So i found you
found the way all through..

Sunday, June 29, 2008

I hate building anything from scratch, especially if I have put my heart and soul into something and then, that just goes away. I know it will, very soon. Not so soon, but soon enough to actually realize.

Mamu used to tell me not to make too many friends, he'd say make friends but only keep them at a distance, so that they don't get to set any expectation on you. Back then, I was like what a fuckin' loser man, but now. when all my realationships fail or just fizzle out, I begin to think.

I don't like it. It is untrue that everyone is alone in this world. Everyone has somebody, where is my someone? Where? I don't like being alone at all, and boy, I AM alone. :( :(

I don't know what to say anymore, because at this point of time, I am not feeling very good. I actually want to be pampered a bit, and if possible loved. :( :^(

Friday, June 27, 2008

'Get smart' is SUCH a smart made movie. Anne Hathaway, IS hot. Sort of reminded me of Kay.
There was not a single moment when I didn't laugh. Absolutely hilarious, considering I've not slept the entire night and today morning.

Today is such a nice day.

Wednesday, June 25, 2008

Some people spend their entire life, looking for some love.
Some people spend their entire life, trying to get over someone, they once loved.


Where am I, hanging between both? The answer is No.

After three seconds of thought, it's the second one. Yes, still.



Time.

Friday, June 20, 2008

Bad days.

I thought that feeling was gone, but from the past week, it's crept back again. I don't like it, and even though I'm very happy here, there is something lacking. Problem is, I know what it is.

Saturday, June 14, 2008

Woman, bitch all you want. Because I won't be seeing your face ever, unless ofcourse I bump into you, and realise who you were.

Phoo.

Saturday, June 07, 2008

Rub the grin

When I take out my debit card to pay, howcome you never offer to pay half of what you've eaten, or wasted? Why not, you should, should you, not?

It's not my fault, that you never have the money. It's not my fault when my text message clearly stated, that it is not a good time to come down and that you might as well, go home. But no, with you, it's all about, what others are going to think of me, isn't it?

I'm not here to party, neither am I here to take anyone's responsibility. I hate intrusive people in my life, I hate it when I am not given space. I hate it, when I have to answer about, where I'm going, what I'm doing, who my friends are, my room mate doesn't ask me such questions, for crying out loud.

I'm not responsible for your boredom, so stop making me feel gulity. Oh and I refuse to feel guity, anyway. I have my life here, and I don't want to carry excess baggages from my past. If you want to stop calling a 'friend' please be my guest.

And I seriously think, you should go back home, especially when you've told people, that you are travelling with me, I mean what in the world has hit you?

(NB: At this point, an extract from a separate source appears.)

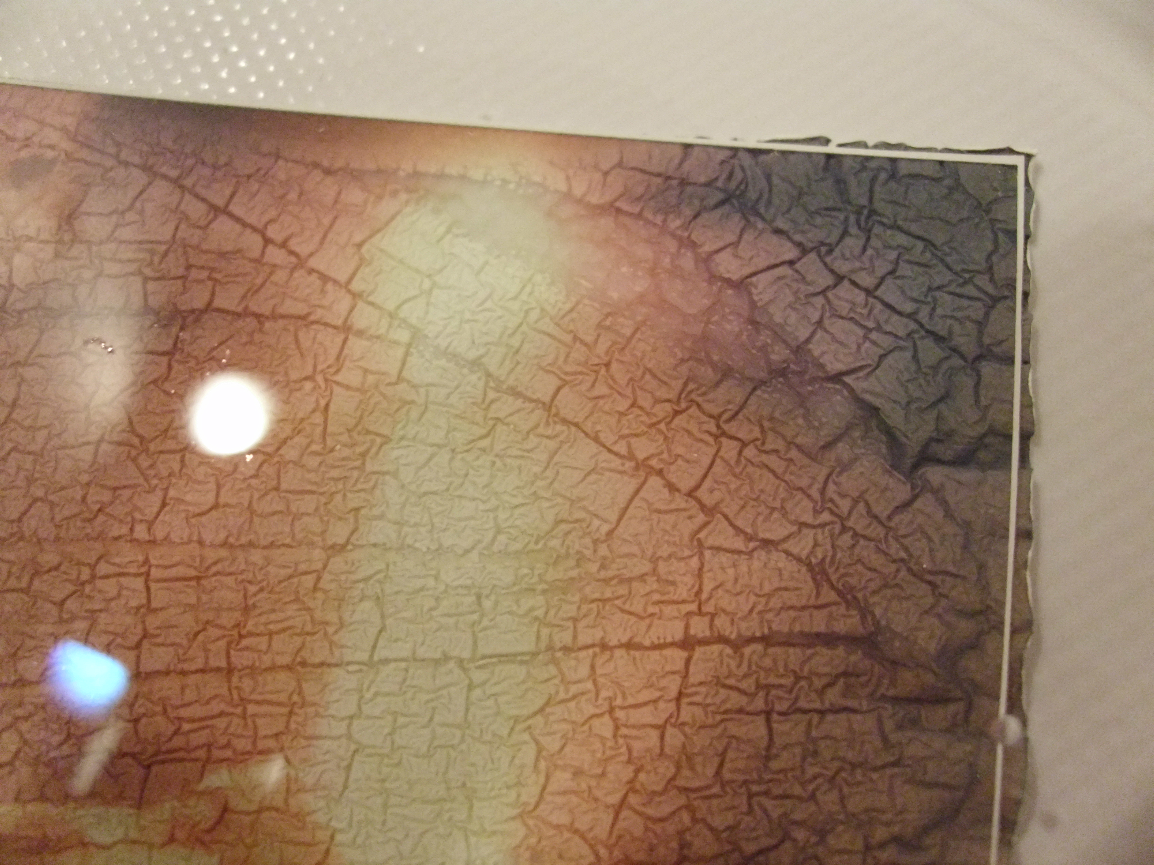 Tiriamo su il foglio con la foto prudentemente, facendo scolare via l’acqua in eccesso.

You are not the same person, I used to know.
Not that I am the same, anyway. But that's the whole point, here. Innit?

Smirk.

Wednesday, June 04, 2008

'You will know who I am, once you see me, again' That is what I said to her.

... after two months.

Monday, June 02, 2008

I don't get, what's the whole deal with people. I know of a such person, who uses you openly and she's very open about it, too. And then ignore calls, I mean what the bloody fuck.

And when she needs me, she'll go on calling me, like there's no tomorrow. I mean, it was okay when I was there in Calcutta, I'd let myself get used up, cause I didn't have better things to do in life, I was such a fuckin' low life, but not here, not this time, around.

I refuse to be with such people. And I shall not take your calls, anymore. Soon.